Tuesday 25 September 2007

Where are the Conservative voters of 2005 now?

I blogged yesterday that there were several strategies that Gordon Brown could follow in order to a) win the coming general election and b) win a European Treaty referendum or avoid holding one. I finished by saying that "The anti-EU Constitution movement needs to galvanise itself and I am afraid that the priority is to support the Conservatives rather than UKIP because UKIP cannot win any seats but splitting the pro-referendum vote between Conservatives and UKIP will give Labour and the Lib Dems more seats than would otherwise be the case."
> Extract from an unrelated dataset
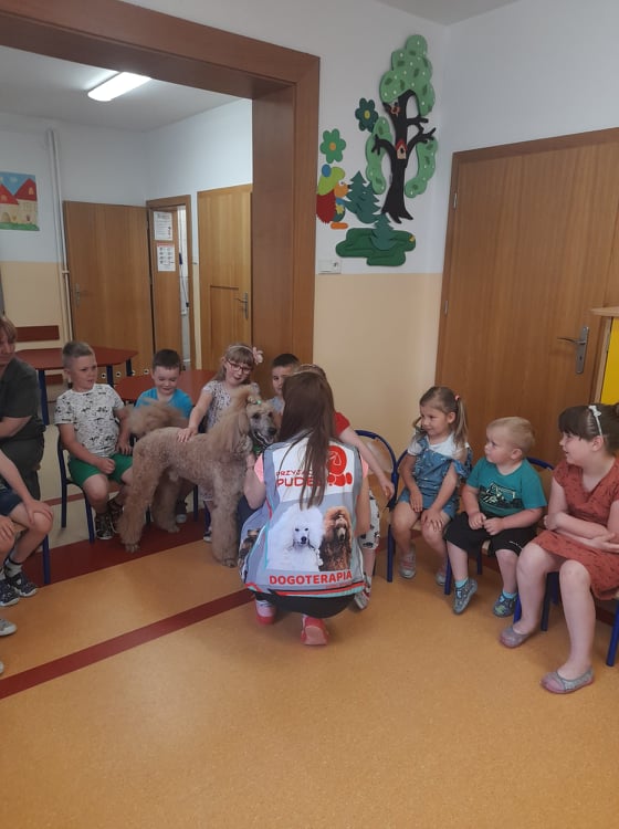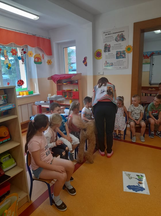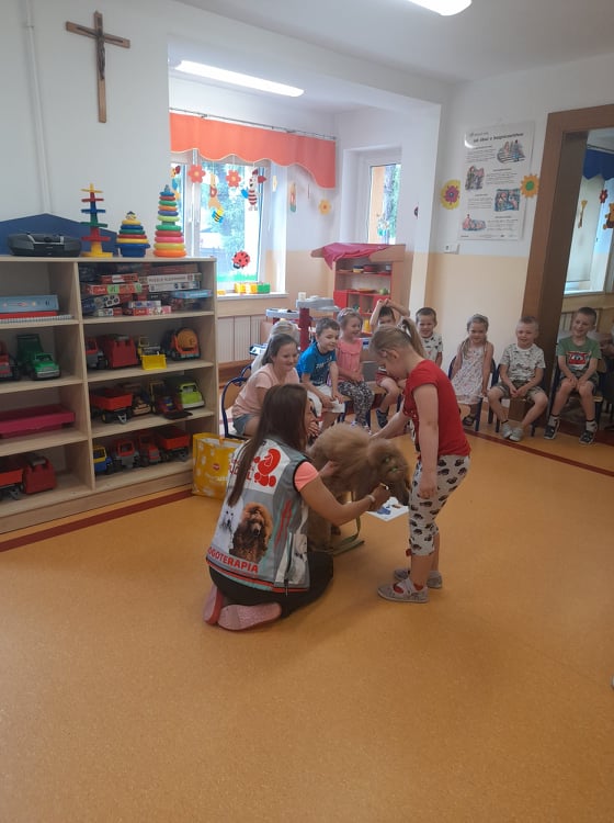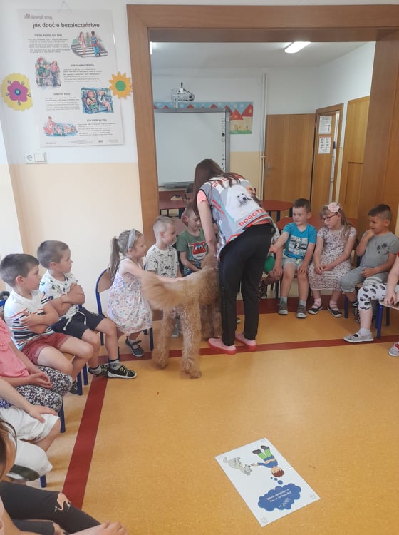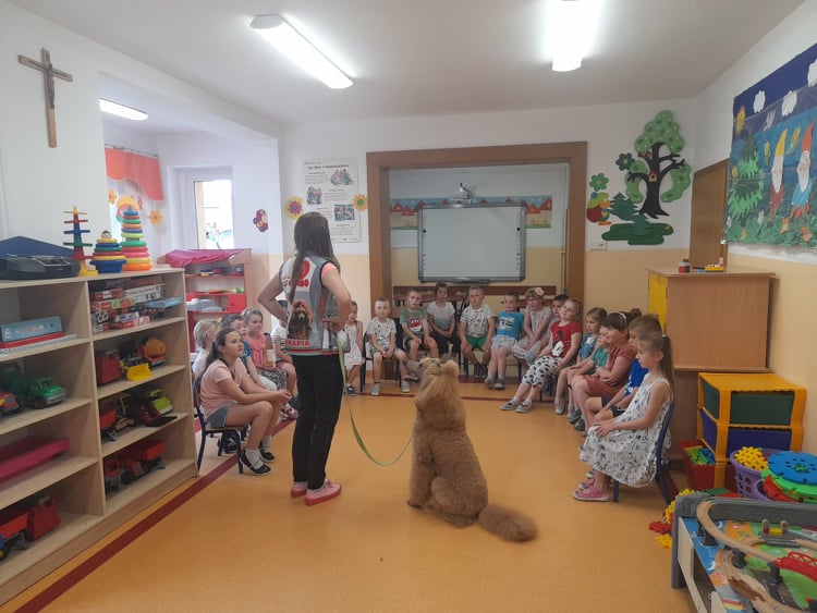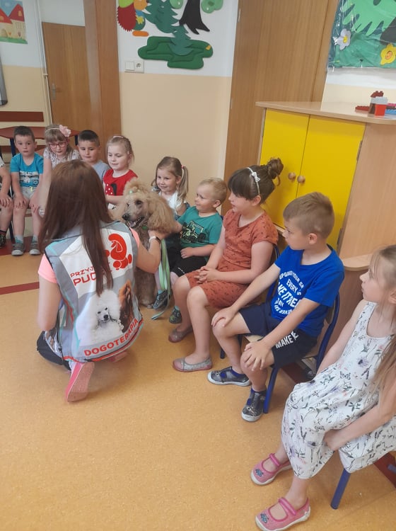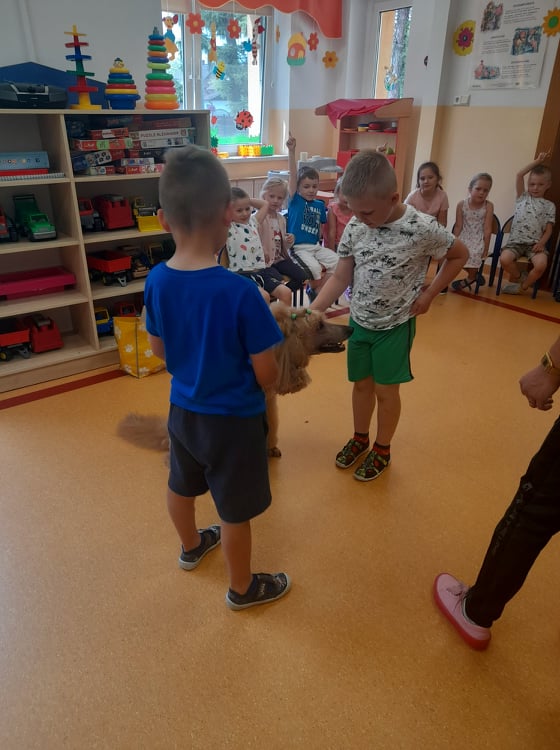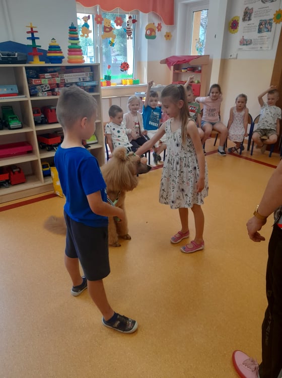Nasze przedszkole odwiedził wspaniały pies. Dzieci zostały przeszkolone jak traktować zwierzęta oraz jak zachować się w przypadku spotkania z psem agresywnym. Dzieci miały również okazję pogłaskać i pobawić się z psem.

It would appear that one reason behind the Conservative's poor performance in the opinion polls is that 5% of the electorate (albeit on a small sample) that voted Conservative in 2005 now intend to vote UKIP. The Cameroonie's obsession with moving to the middle ground of British politics and so appeasing the BBC, may have lost them the Euro-sceptic supporters that they also need to win a general election. Of course the BBC having helped to get the most acceptable (to the BBC)of the Conservative candidates elected as Conservative leader can now help to attack him for his being an old Etonian, out of touch with the British public and so on. The same attacks that will be unleashed with even more ferocity on Boris Johnson once he is the official Conservative candidate for London Mayor.

The Labour government and their propaganda wing, the BBC, will do their best to ensure that we are ruled by a Labour government until the day comes when the European project comes to fruition.